■ **EXERCISE DATA**:
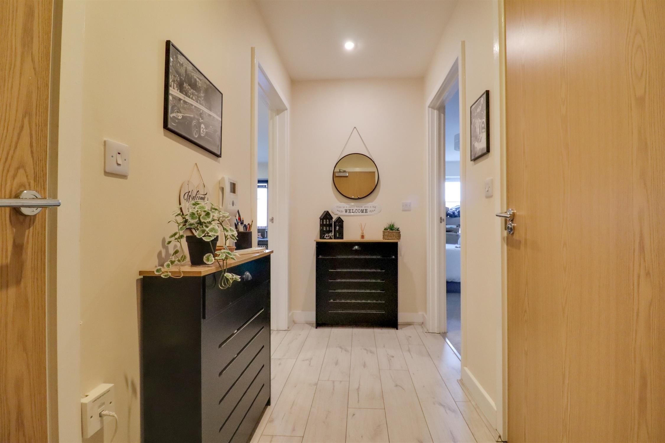 Smooth finished to ceiling, utility cupboard housing heat interface unit and washer/dryer, doors to all rooms.
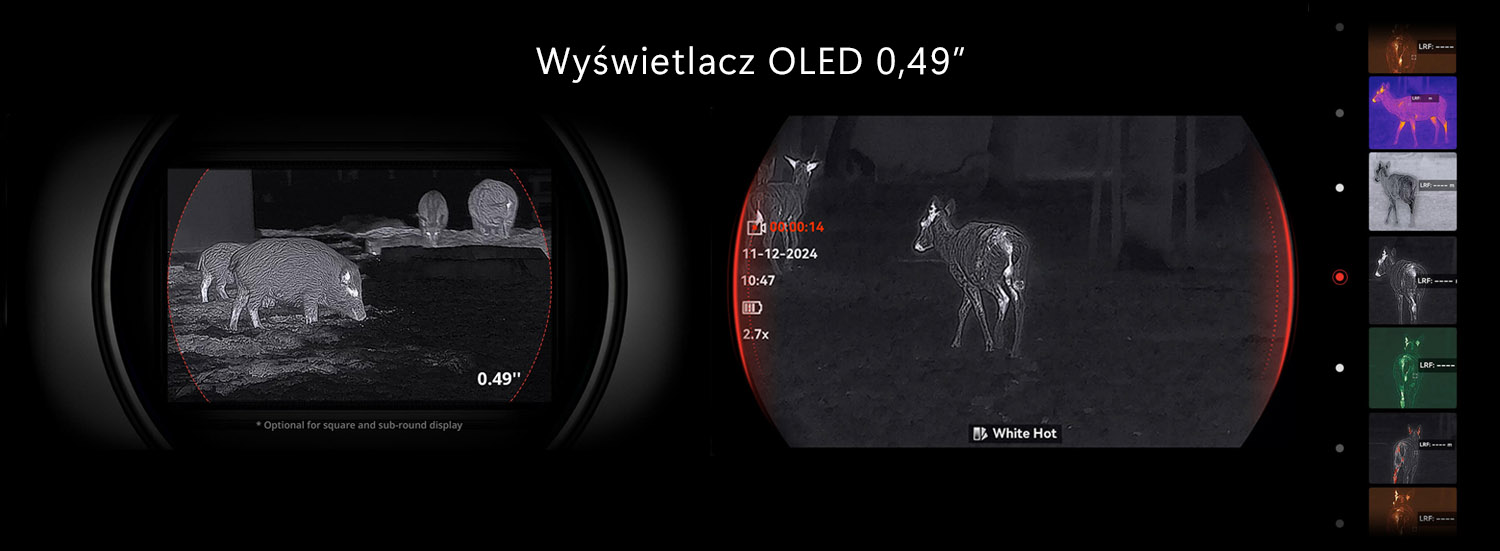 Wyświetlacz OLED 0,49", poprawa immersji o 25% Większy ekran o wyższej rozdzielczości zapewnia lepsze odwzorowanie kolorów i wyraźniejsze szczegóły. Dzięki o 25% większemu rozmiarowi i ekranowi OLED Full-HD 1920x1080, FALCON 2.0 prezentuje bogate detale zarówno zwierzyny, jak i tła, oferując bardziej immersyjne doświadczenie. Myśliwi mogą również dostosować kształt wyświetlacza z kwadratowego na zaokrąglony, zgodnie z własnymi preferencjami.
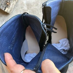 Black upper & lining leather booties w/rubber sole & inner/zipper. Cute fun/fringe boots for dancing in. Pre owned in excellent like new condition. Dark black like last pic.
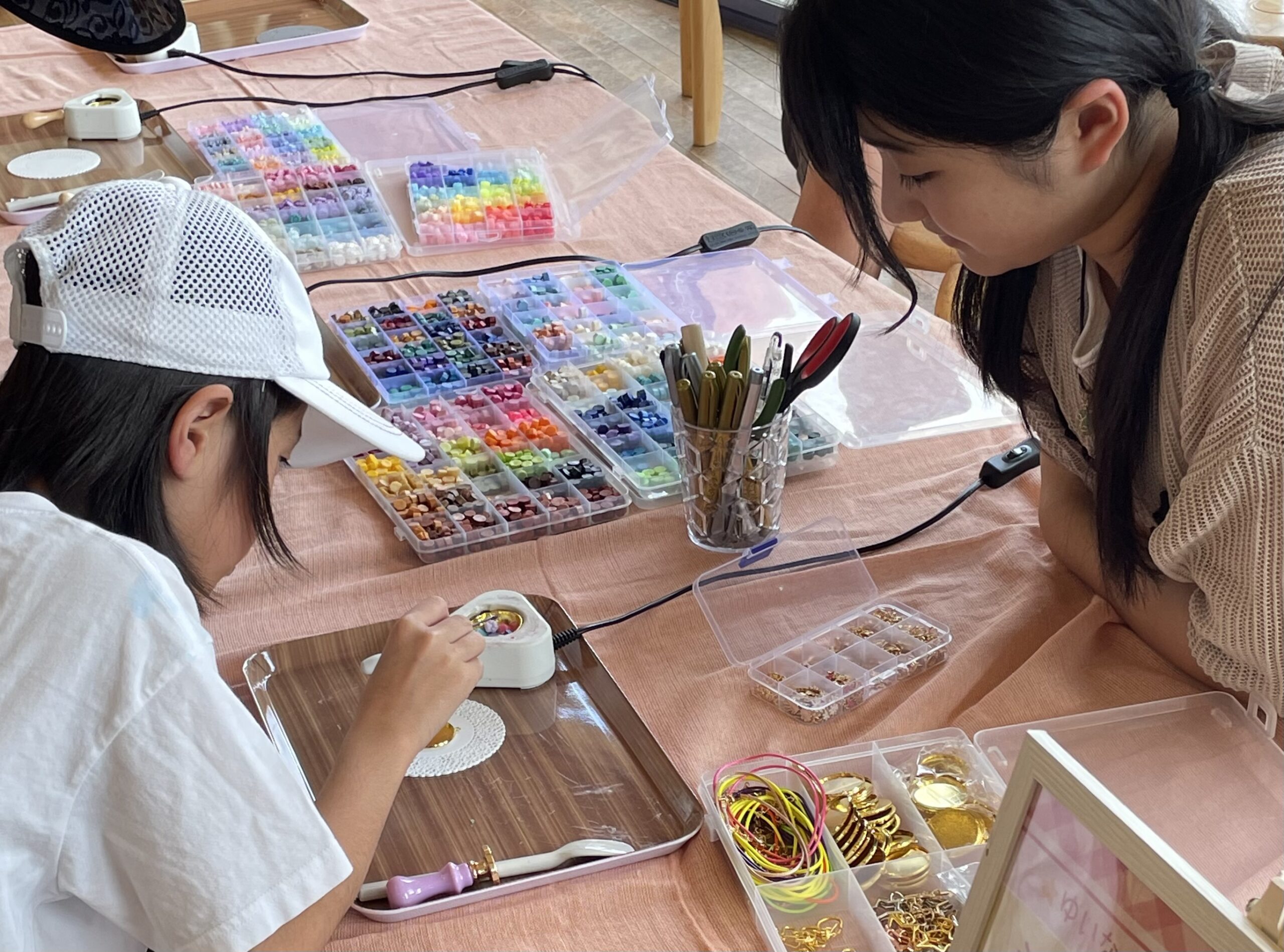 UVレジン、パラコードアクセサリー、せっけんづくり、シーリングスタンプアクセサリー、パステルアート、毛糸の一輪ざしアート、七宝焼など…さまざまな出店があります!

■ **ASSIGNMENT**: The data above must be written out again without alteration, and the pictures in them must be excluded.

■ **ANSWER SECTION**:
 Smooth finished to ceiling, utility cupboard housing heat interface unit and washer/dryer, doors to all rooms.
 Wyświetlacz OLED 0,49", poprawa immersji o 25% Większy ekran o wyższej rozdzielczości zapewnia lepsze odwzorowanie kolorów i wyraźniejsze szczegóły. Dzięki o 25% większemu rozmiarowi i ekranowi OLED Full-HD 1920x1080, FALCON 2.0 prezentuje bogate detale zarówno zwierzyny, jak i tła, oferując bardziej immersyjne doświadczenie. Myśliwi mogą również dostosować kształt wyświetlacza z kwadratowego na zaokrąglony, zgodnie z własnymi preferencjami.
 Black upper & lining leather booties w/rubber sole & inner/zipper. Cute fun/fringe boots for dancing in. Pre owned in excellent like new condition. Dark black like last pic.
 UVレジン、パラコードアクセサリー、せっけんづくり、シーリングスタンプアクセサリー、パステルアート、毛糸の一輪ざしアート、七宝焼など…さまざまな出店があります!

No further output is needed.